Cognitive-behavioral therapy (CBT) is based on the theory that antecedent events stimulate thoughts and beliefs that in turn cause emotional consequences. CBT is problem-oriented treatment that seeks to identify and change cognitive distortions (e.g., learned helplessness or irrational fears), identify and avoid distressing situations, and identify and practice distress-reducing behavior. Self-monitoring (e.g., daily thought record), self-instruction (e.g., brief sentences asserting thoughts that are comforting and/or adaptive), and self-reinforcement (rewarding oneself) are internal analogues of the charts, prompts, and rewards that in behavior therapy are supplied by parents and/or significant others.

Family Therapy

The core idea in family therapy is that problems exist in families and not just in individuals. The cause of problems in individuals is thought to lie in patterns of family interaction, with other family members helping to maintain the problem. Family dysfunction can take a variety of forms, including enmeshment, disengagement, and maladaptive communication patterns (e.g., parent-child role reversal).
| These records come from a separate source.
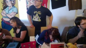 Gerade die Jungs und Mädels von JAZAM und Zwerchfell harrten hier tapfer bis zum Nachmittag aus, während sich tatsächlich noch einige wenige Besucher hierher verirrten. Die geplante Gesprächsrunde über Graphic Novels war schon am Vortag abgesagt worden und die Polizeiabsperrungen machten den Abtransport für die Aussteller nicht gerade leichter.
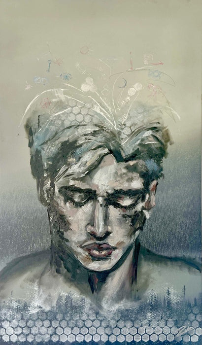 Mindchatter, 2024, oil on canvas, 25 x 15 in. / 63.5 x 38.1 cm.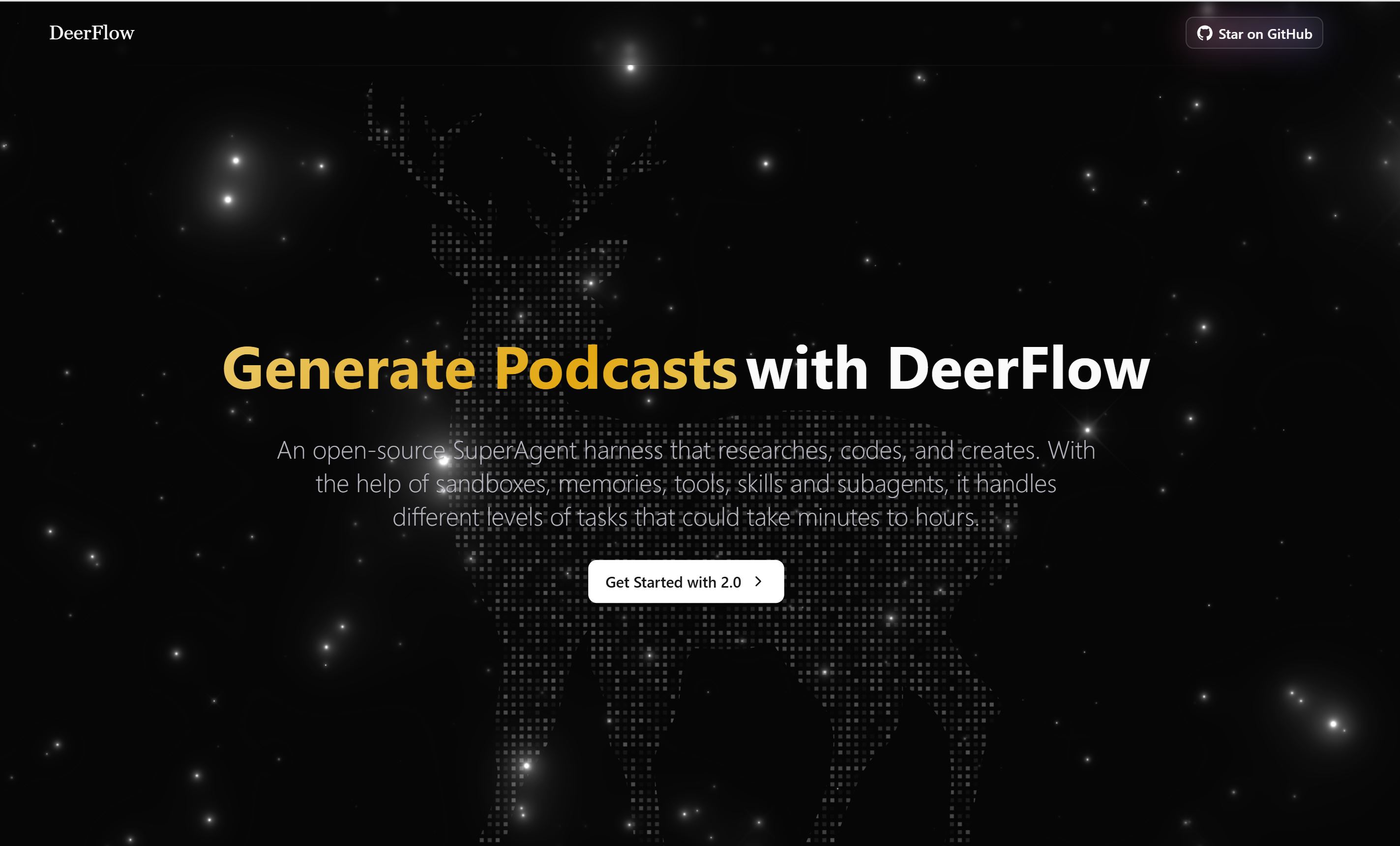 An open-source. SuperAgent harness that researches,codes, and creates. Withthe help of sandboxes,memories,tools, skills and subagents,it handlesdifferent levels of tasks that could take minutes to hours.

Family therapy techniques involve helping family members communicate more effectively, reframing troublesome behavior, and giving directives to disrupt ingrained dysfunctional patterns. Family interventions that include behavioral therapy components are well-established treatments for ADHD and oppositional defiant disorder.

Psychodynamic Psychotherapy

At the core of psychodynamic psychotherapy lies a dynamic interaction between different parts or aspects of the mind. This approach is based on the belief that much of one’s mental activity occurs outside one’s awareness. The patient is often unaware of internal conflicts because threatening or painful emotions, impulses, and memories are repressed. Behavior is then controlled by what the patient does not know about himself or herself. Therapy objectives are to increase self-understanding, increase acceptance of feelings, shift to mature defense mechanisms, and develop realistic relationships between self and others. This therapy is nondirective to allow the patient’s characteristic patterns to emerge so that self-understanding and a corrective emotional experience can then be fostered by the therapist.

Supportive Psychotherapy

Supportive psychotherapy aims to minimize levels of emotional distress. Treatment is focused on the here and now. The therapist is active and helpful in providing the patient with symptomatic relief by containing anxiety, sadness, and anger. The therapist provides education and encouragement to bolster a patient’s existing coping mechanisms.

Narrative Therapy

Narrative therapy is based on the principle that self-stories organize, interpret, and assign meaning to events in a person’s life. It emphasizes the construction of meaning by allowing patients to tell their personal story or narrative of the problem. Narratives typically center on 5 pervasive themes: identity, cause, time-line, consequences, and cure or control. The therapist helps the patient “make meaning” of his or her stories and correct misperceptions or misattributions. The therapist’s role is to help the patient reframe negative narratives (re-storying) into ones that are more positive and progressive.